2. The respondent is a Municipal Corporation, established and governed by the provisions of Bombay Provincial Municipal Corporation Act, 1949 (hereinafter referred to as a B.P.M.C. Act). The respondent after following due procedure of law and within the provisions of B.P.M.C. Act and Rules made thereunder, by Resolution No. 166/10, dated 20th February, 1995, increased the licence fee at the rate of Rs. 3000/- per year, being one of the main source of its revenue. It was also necessary to borne and bear the general increased expenses. Therefore, by invoking the provisions of Section 386 of the B.P.M.C. Act, such licence fee was increased, as provided in Chapter XII of the B.P.M.C. Act.

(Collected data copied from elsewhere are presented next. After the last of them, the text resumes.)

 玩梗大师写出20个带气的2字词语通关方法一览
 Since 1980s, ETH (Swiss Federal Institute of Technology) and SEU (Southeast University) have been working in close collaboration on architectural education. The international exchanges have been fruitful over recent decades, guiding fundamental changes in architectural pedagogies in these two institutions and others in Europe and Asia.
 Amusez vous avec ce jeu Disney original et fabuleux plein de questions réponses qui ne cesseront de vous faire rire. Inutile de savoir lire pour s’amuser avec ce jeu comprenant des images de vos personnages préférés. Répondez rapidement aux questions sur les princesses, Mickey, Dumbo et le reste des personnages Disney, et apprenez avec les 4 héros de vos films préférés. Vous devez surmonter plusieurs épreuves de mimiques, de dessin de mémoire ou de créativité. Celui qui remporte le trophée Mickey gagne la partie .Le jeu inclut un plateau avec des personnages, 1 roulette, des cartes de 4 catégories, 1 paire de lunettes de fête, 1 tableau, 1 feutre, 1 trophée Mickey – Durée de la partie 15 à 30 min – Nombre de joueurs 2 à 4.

3. Heard the learned advocates appearing for the parties. There is a concurrent finding arrived at by the Courts below, that the suit was bad for want of notice under Section 487 of the B.P.M.C. Act. Both the Courts come to a clear conclusion based on the material available on the record that the appellant-plaintiff failed to prove that the action of the respondent was in bad faith, illegal and or void, ab-initio. In this background, the suit as filed without issuing Mandatary notice under Section 487 of the B.P.M.C. Act, was not maintainable.

4. Both the Courts have also come to a clear conclusion that the Resolution No. 166/10, dated 20th February, 1995 of the Respondent Corporation standing committee was legal. The respondent corporation, based on the provisions of Section 386(2) of the B.P.M.C. Act, which read as under;

Every such licence or written permission a fee may be charged at such rate as shall form time to time be fixed by the Commissioner, with the sanction of the Corporation.

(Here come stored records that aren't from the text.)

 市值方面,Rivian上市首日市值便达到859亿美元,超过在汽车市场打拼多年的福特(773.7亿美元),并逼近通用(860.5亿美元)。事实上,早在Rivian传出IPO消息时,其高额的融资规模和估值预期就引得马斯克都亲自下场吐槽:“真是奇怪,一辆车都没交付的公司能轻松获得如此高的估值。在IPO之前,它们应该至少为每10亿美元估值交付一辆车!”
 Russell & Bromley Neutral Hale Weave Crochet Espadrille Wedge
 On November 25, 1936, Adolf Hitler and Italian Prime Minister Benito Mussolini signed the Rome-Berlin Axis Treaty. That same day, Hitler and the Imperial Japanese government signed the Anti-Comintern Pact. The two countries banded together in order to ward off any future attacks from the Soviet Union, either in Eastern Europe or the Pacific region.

Within this legal backdrop, apart from other provisions of Chapter XII the respondent has exercised its power and authority and by Resolution No. 166/10 approved the increased rate of liquor licence fee at the rate of Rs. 3000/- per year. It may be noted that the Standing Committee of the respondent has suggested Rs. 1000/- per annum. However, by majority decision, the respondent, after following due procedure of law, increased the licence fee at the rate of Rs. 3000/-per annum. Such increased licence fee for liquor in no way beyond the authority and power of the respondent. There is nothing brought on the record that the respondent has acted arbitrarily and illegally and while passing the resolution of increasing the licence fee in question. The respondent therefore, has right and authority to increase licence fee and therefore, both the Courts right in coming to the conclusion that the Resolution in respect of enhancement of licence fee was legal. Therefore, there is no substance in the contention raised by the appellant that the enhancement made was arbitrarily or was unreasonable and hearing should have been given by the respondent-corporation to the licence holders. There is no question of giving any hearing to the licence holders by the respondent-corporation, while taking or passing such resolution which is within the scope of B.P.M.C. Act. The Courts below are right in coming to the conclusion, that as the respondent-corporation has power and authority to increase the licence fee.

5. There is nothing on the record to suggest and support the case of the appellant that the licence fee was unreasonable or arbitrary. The allegations of arbitrary, unreasonableness, without any material support cannot be taken note of, specially when the respondent is within their power, by following the due procedure of law, to resolved increase such licence fee. It was observed that the State of Maharashtra has charged such fees at the rate of Rs. 25,000/- per year. In comparison to that the increased licence fee at the rate of Rs. 3000/- per year cannot be said to be in excess.

6. In this background their remained no doubt that the suit itself was not maintainable for want of mandatary notice under Section 487 of B.P.M.C. Act, even otherwise, as the respondent-corporation has within their power and authority through the resolution increased the licence fee. Such act of respondent was within the provisions of the B.P.M.C. Act. The order of dismissal of the suit filed by the appellant therefore, need no interference.

Taking all this into account the second appeal is dismissed with cost.

Civil Application No. 1841 of 2004 is also dismissed accordingly.